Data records
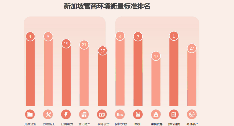 新加坡凭借优越的地理位置、先进的基础设施、高素质人才、低税率、健全制度及高效廉洁政府,拥有高度发达的市场经济体系,成为世界上最具竞争力的经济体之一,获得世界经济论坛和IMD等机构的高度评价。根据世界银行《2020年营商环境报告》,新加坡在全球190个经济体中营商便利度排名第2,与榜首差距缩小,显示其营商环境持续优化。
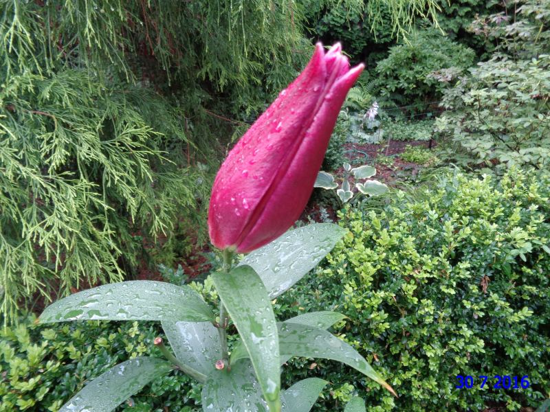 Czekam na zapowiadane wielkie deszcze /gradobicia i burze mogą sobie iść w czorty/, rozlałam po roślinach wodę z beczek i liczę na następną dostawę. Byle nie w nocy.
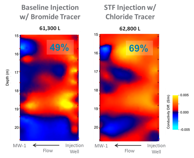 Figure 2. Comparison of amendment distribution using electrical resistivity tomography (ERT) images.
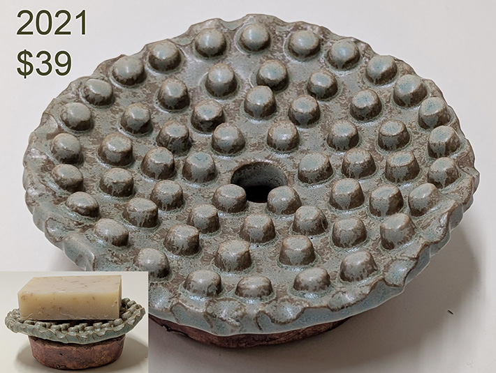 These handcrafted ceramic soap dishes catch a wet bar on the fly, extend its life, and keep sinks tidy. The soap will air dry and stay firm. "They're functional as well as attractive," says Ken Gilberg, the artist. "So many quasi-soap dishes hold a bar in a goopy puddle."
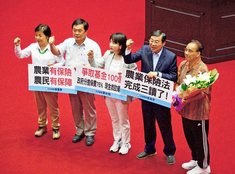 The Legislative Yuan yesterday passed a third reading of the Farmers’ Insurance Act (農業保險法), which aims to safeguard the income of farmers, animal breeders, fishers and foresters from natural disasters and other incidents.
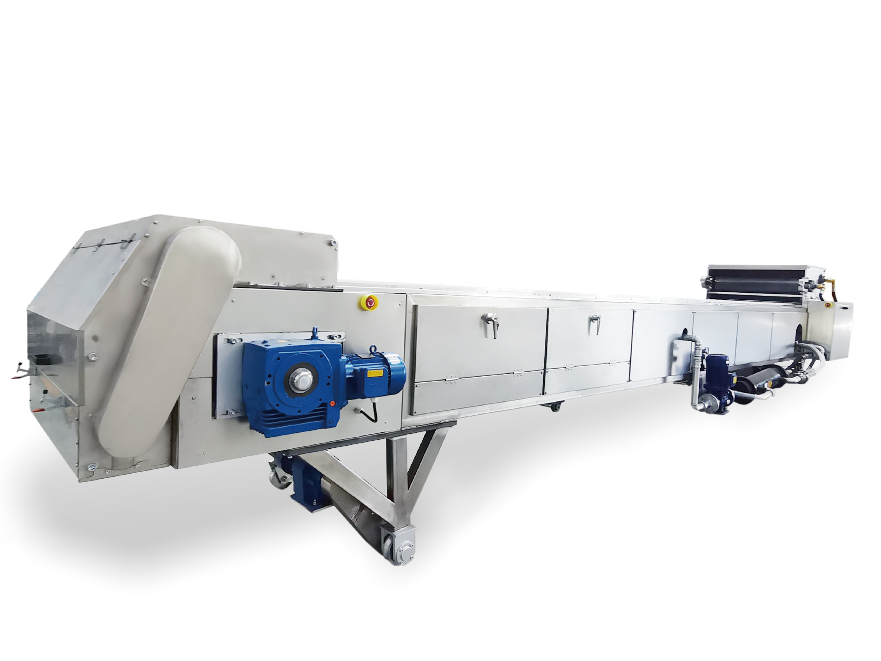 YPJ系列風冷鏈板式壓片破碎機YPJ系列不銹鋼鏈板壓片機由冷卻壓輥、不銹鋼節(jié)片輸送帶、破碎和風冷系統(tǒng)組成。擠出機擠出的熱熔融狀物料經(jīng)冷卻壓輥壓成1-2mm帶狀,在不銹鋼節(jié)片輸送帶上風冷至常溫,破碎成片狀物料排出。可選配有空氣過濾,冷熱交換系統(tǒng)。
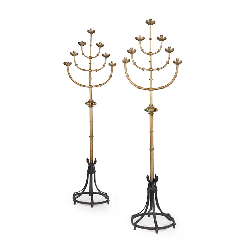 BRASS FLOORSTANDING CANDELABRA GOTHIC REVIVAL SEVEN BRANCH JEWELLED KNOPPED STEM WITH WROUGHT IRON BASE ENGLISH CIRCA 1880 194 CM HIGH 63 CM WIDE (X2)
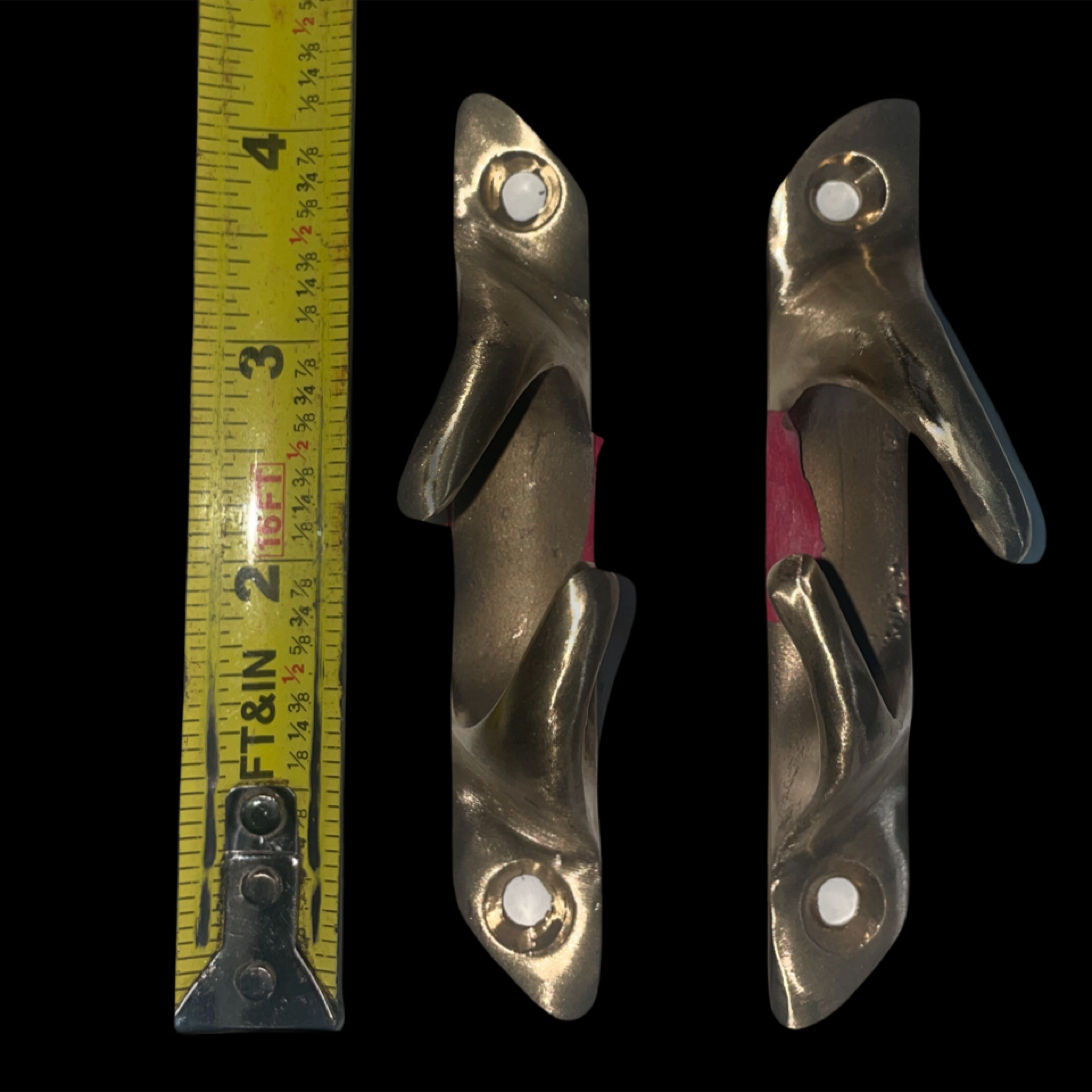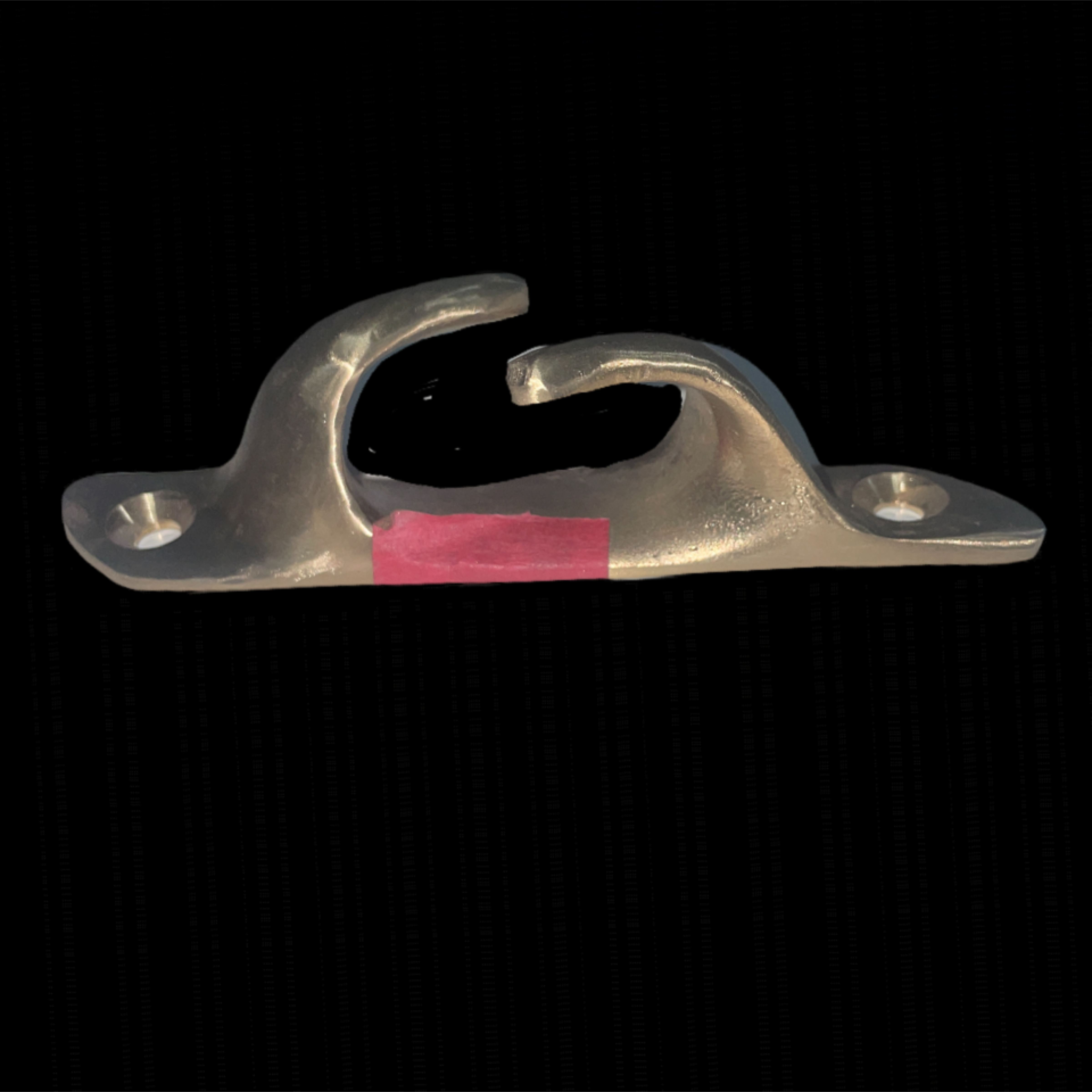 Bristol bronze, unknown part # for these cleats. This skinny skeene chock cleat is 4 1/2" long x 3/4" wide. Fits 1/2" line diameter. WILL COME AS A PAIR.
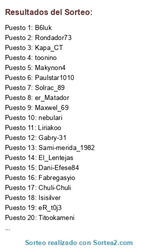 Lista de participantes: toonino, ganso15, eR_t0j3, Liriakoo, Sami-merida_1982, Bori_Extreme, El_Lentejas, Solrac_89, Maxwel_69, Paulstar1010, Rondador73, Martinares, Montxoli, er_Matador, Fabregasyio, Gabry-31, Titookameni, B6luk, Kapa_CT, Chuli-Chuli, Makynon4, nebulari, Isisilver, Dani-Efese84.
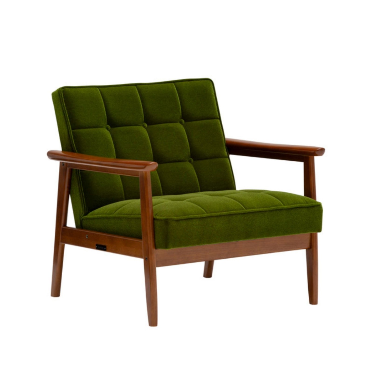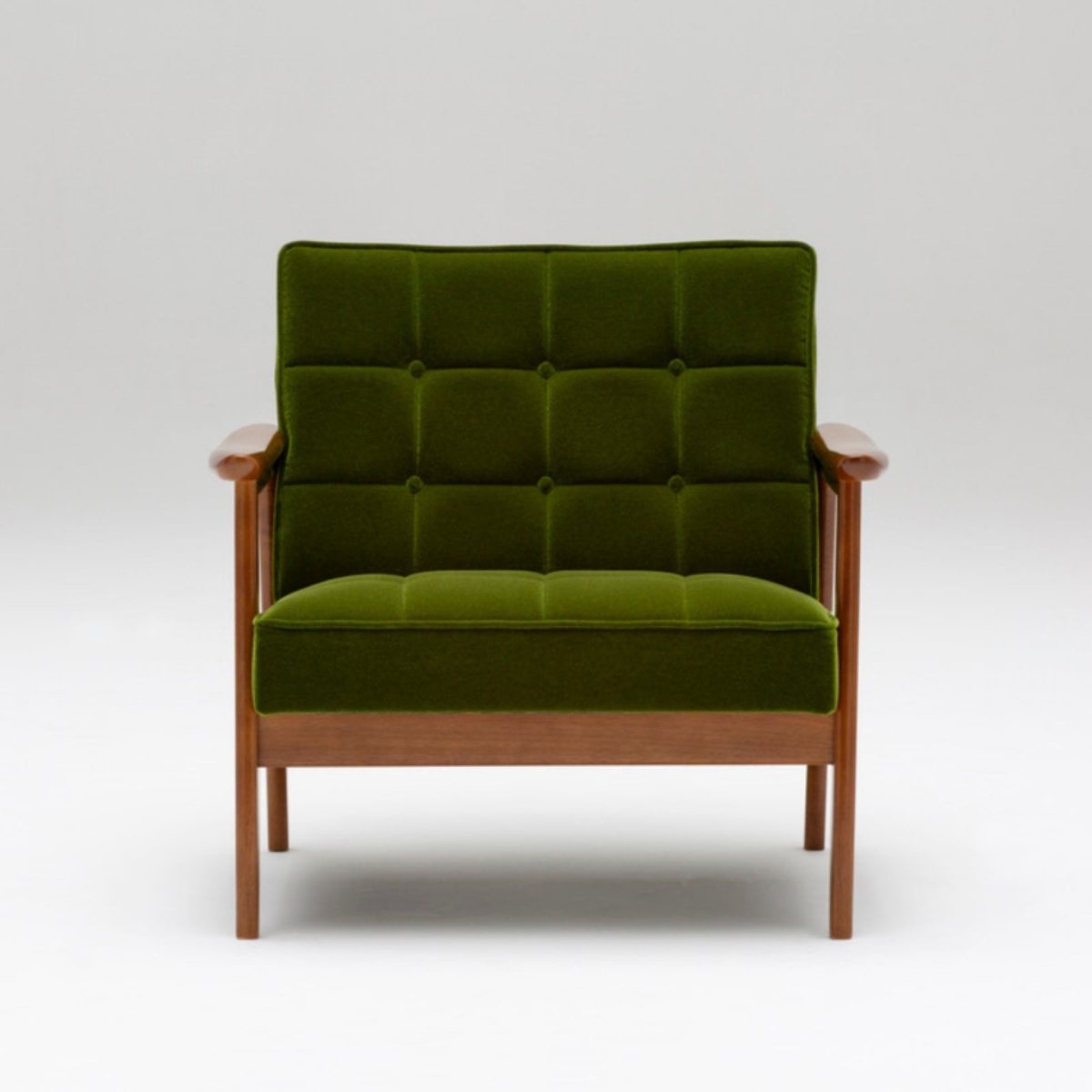 落ち着いたモケットグリーンの張地が空間に馴染み、リビングや書斎でゆったりくつろげます。
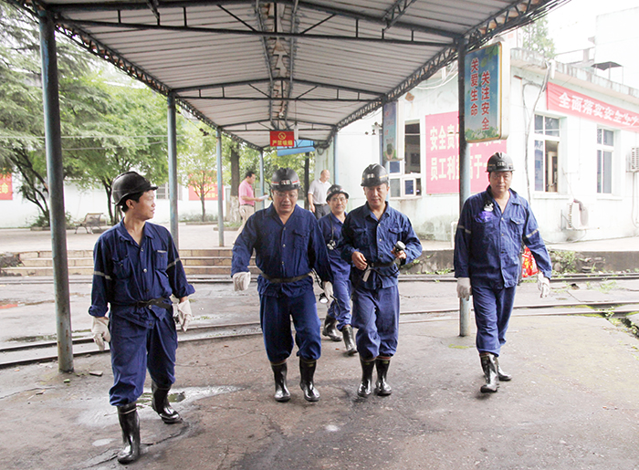 图为彭群伦(左二)率队深入白源煤矿井下进行现场检查 6月20日起,萍…
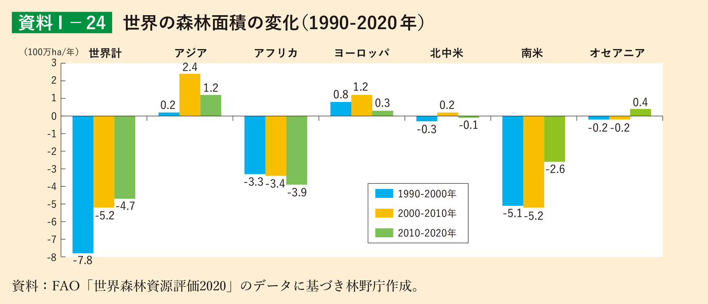 国際連合食糧農業機関(FAO(*81))の「世界森林資源評価2020」によると、2020年の世界の森林面積は約41億haであり、世界の陸地面積の31%を占めている(*82)。森林面積は、アフリカ、南米等の熱帯林を中心に世界全体としては依然として減り続けている(資料1-24)。
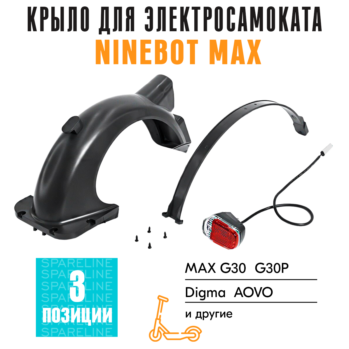 Крыло заднее в сборе для электросамоката Ninebot KickScooter MAX G30 / G30P / Digma , стоп-сигнал в комплекте интересное:
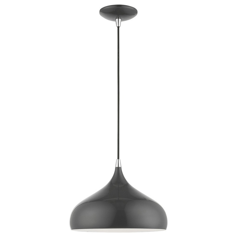 Amador 1 Light Shiny Dark Gray With Polished Chrome Accents Pendant – Modern – Pendant Lighting – by Designer Lighting and Fan
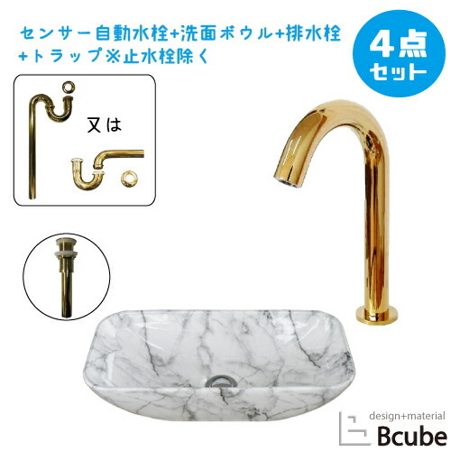 洗面台 おしゃれ 置き型 センサー自動水栓 タッチレス 陶器 460 大きい 大きめ 洗面ボウル 交換 リフォーム 4点 単水栓 幅46cm B-0403300HSset206

## TASK STATEMENT
Repeat the data above exactly, but not the pictures.

## SOLVED EXERCISE
 新加坡凭借优越的地理位置、先进的基础设施、高素质人才、低税率、健全制度及高效廉洁政府,拥有高度发达的市场经济体系,成为世界上最具竞争力的经济体之一,获得世界经济论坛和IMD等机构的高度评价。根据世界银行《2020年营商环境报告》,新加坡在全球190个经济体中营商便利度排名第2,与榜首差距缩小,显示其营商环境持续优化。
 Czekam na zapowiadane wielkie deszcze /gradobicia i burze mogą sobie iść w czorty/, rozlałam po roślinach wodę z beczek i liczę na następną dostawę. Byle nie w nocy.
 Figure 2. Comparison of amendment distribution using electrical resistivity tomography (ERT) images.
 These handcrafted ceramic soap dishes catch a wet bar on the fly, extend its life, and keep sinks tidy. The soap will air dry and stay firm. "They're functional as well as attractive," says Ken Gilberg, the artist. "So many quasi-soap dishes hold a bar in a goopy puddle."
 The Legislative Yuan yesterday passed a third reading of the Farmers’ Insurance Act (農業保險法), which aims to safeguard the income of farmers, animal breeders, fishers and foresters from natural disasters and other incidents.
 YPJ系列風冷鏈板式壓片破碎機YPJ系列不銹鋼鏈板壓片機由冷卻壓輥、不銹鋼節(jié)片輸送帶、破碎和風冷系統(tǒng)組成。擠出機擠出的熱熔融狀物料經(jīng)冷卻壓輥壓成1-2mm帶狀,在不銹鋼節(jié)片輸送帶上風冷至常溫,破碎成片狀物料排出。可選配有空氣過濾,冷熱交換系統(tǒng)。
 BRASS FLOORSTANDING CANDELABRA GOTHIC REVIVAL SEVEN BRANCH JEWELLED KNOPPED STEM WITH WROUGHT IRON BASE ENGLISH CIRCA 1880 194 CM HIGH 63 CM WIDE (X2)
 Bristol bronze, unknown part # for these cleats. This skinny skeene chock cleat is 4 1/2" long x 3/4" wide. Fits 1/2" line diameter. WILL COME AS A PAIR.
 Lista de participantes: toonino, ganso15, eR_t0j3, Liriakoo, Sami-merida_1982, Bori_Extreme, El_Lentejas, Solrac_89, Maxwel_69, Paulstar1010, Rondador73, Martinares, Montxoli, er_Matador, Fabregasyio, Gabry-31, Titookameni, B6luk, Kapa_CT, Chuli-Chuli, Makynon4, nebulari, Isisilver, Dani-Efese84.
 落ち着いたモケットグリーンの張地が空間に馴染み、リビングや書斎でゆったりくつろげます。
 图为彭群伦(左二)率队深入白源煤矿井下进行现场检查 6月20日起,萍…
 国際連合食糧農業機関(FAO(*81))の「世界森林資源評価2020」によると、2020年の世界の森林面積は約41億haであり、世界の陸地面積の31%を占めている(*82)。森林面積は、アフリカ、南米等の熱帯林を中心に世界全体としては依然として減り続けている(資料1-24)。
 Крыло заднее в сборе для электросамоката Ninebot KickScooter MAX G30 / G30P / Digma , стоп-сигнал в комплекте интересное:
 Amador 1 Light Shiny Dark Gray With Polished Chrome Accents Pendant – Modern – Pendant Lighting – by Designer Lighting and Fan
 洗面台 おしゃれ 置き型 センサー自動水栓 タッチレス 陶器 460 大きい 大きめ 洗面ボウル 交換 リフォーム 4点 単水栓 幅46cm B-0403300HSset206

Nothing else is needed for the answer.